## WHAT YOU NEED TO DO
Would you output all the lines below precisely as they stand, leaving each picture out?

## DATASET SECTION
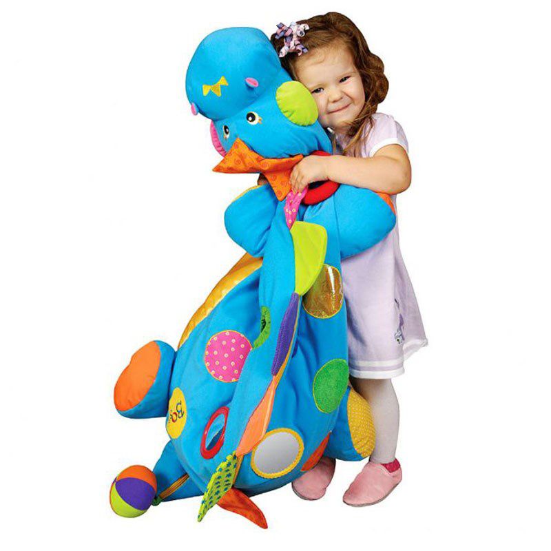 Hình chú khủng long màu xanh vô cùng đáng yêu đang chờ bé khám phá, bé có thể chơi hàng giờ trong lòng chú khủng long như bắt bóng, đoán màu sắc, đếm số,…
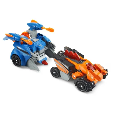 - Transform playtime adventures with Switch & Go®; easily combine the Spinosaurus and Pterodactyl into a fireball-launching speedster mega car
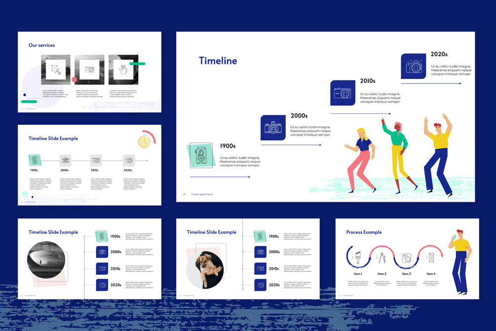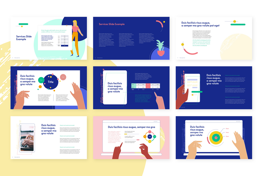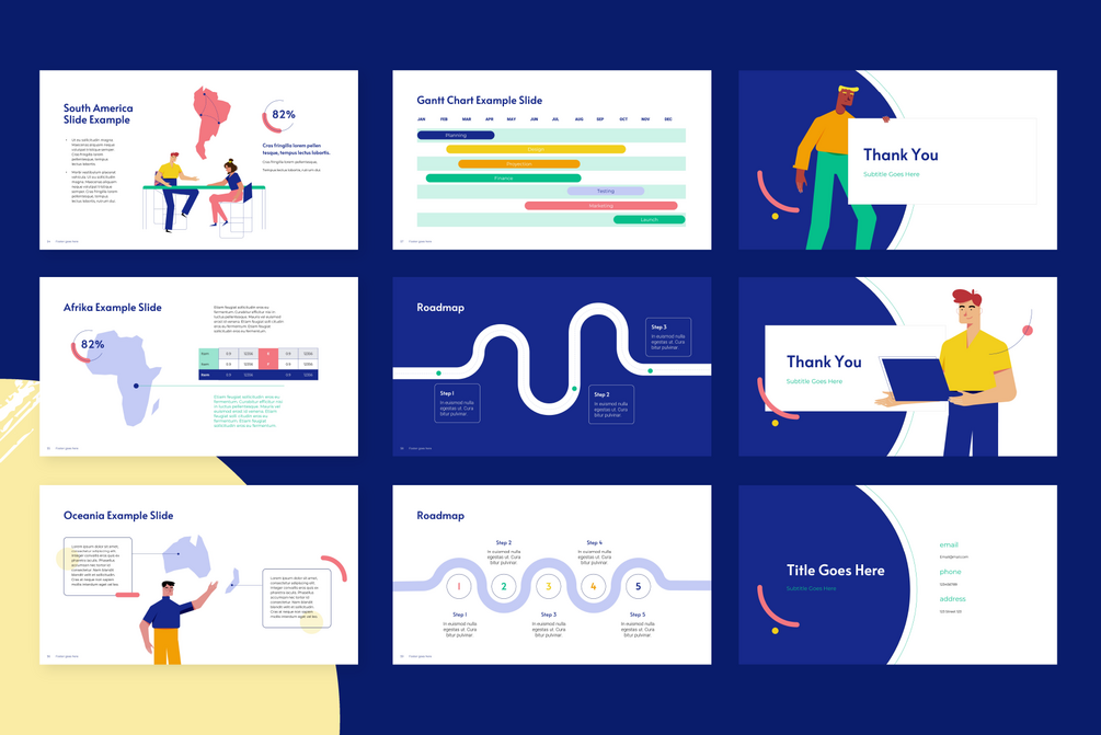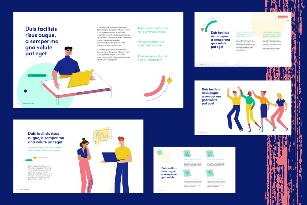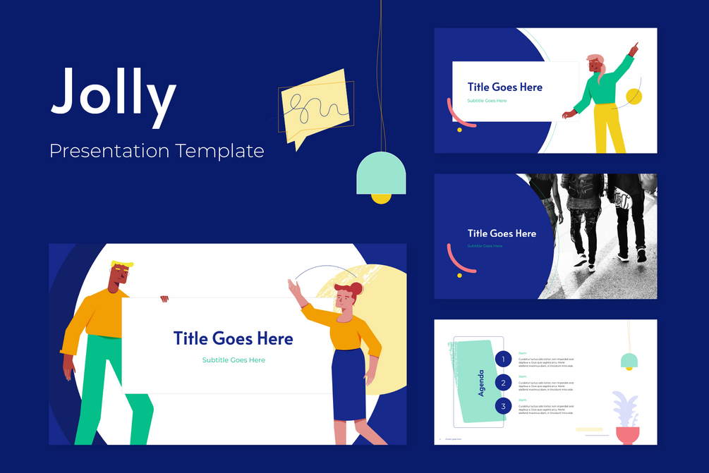 This presentation template has a modern fun happy illustration look, with colorful characters and details backgrounds and 62 different layouts.

## WRITTEN SOLUTION
 Hình chú khủng long màu xanh vô cùng đáng yêu đang chờ bé khám phá, bé có thể chơi hàng giờ trong lòng chú khủng long như bắt bóng, đoán màu sắc, đếm số,…
 - Transform playtime adventures with Switch & Go®; easily combine the Spinosaurus and Pterodactyl into a fireball-launching speedster mega car
 This presentation template has a modern fun happy illustration look, with colorful characters and details backgrounds and 62 different layouts.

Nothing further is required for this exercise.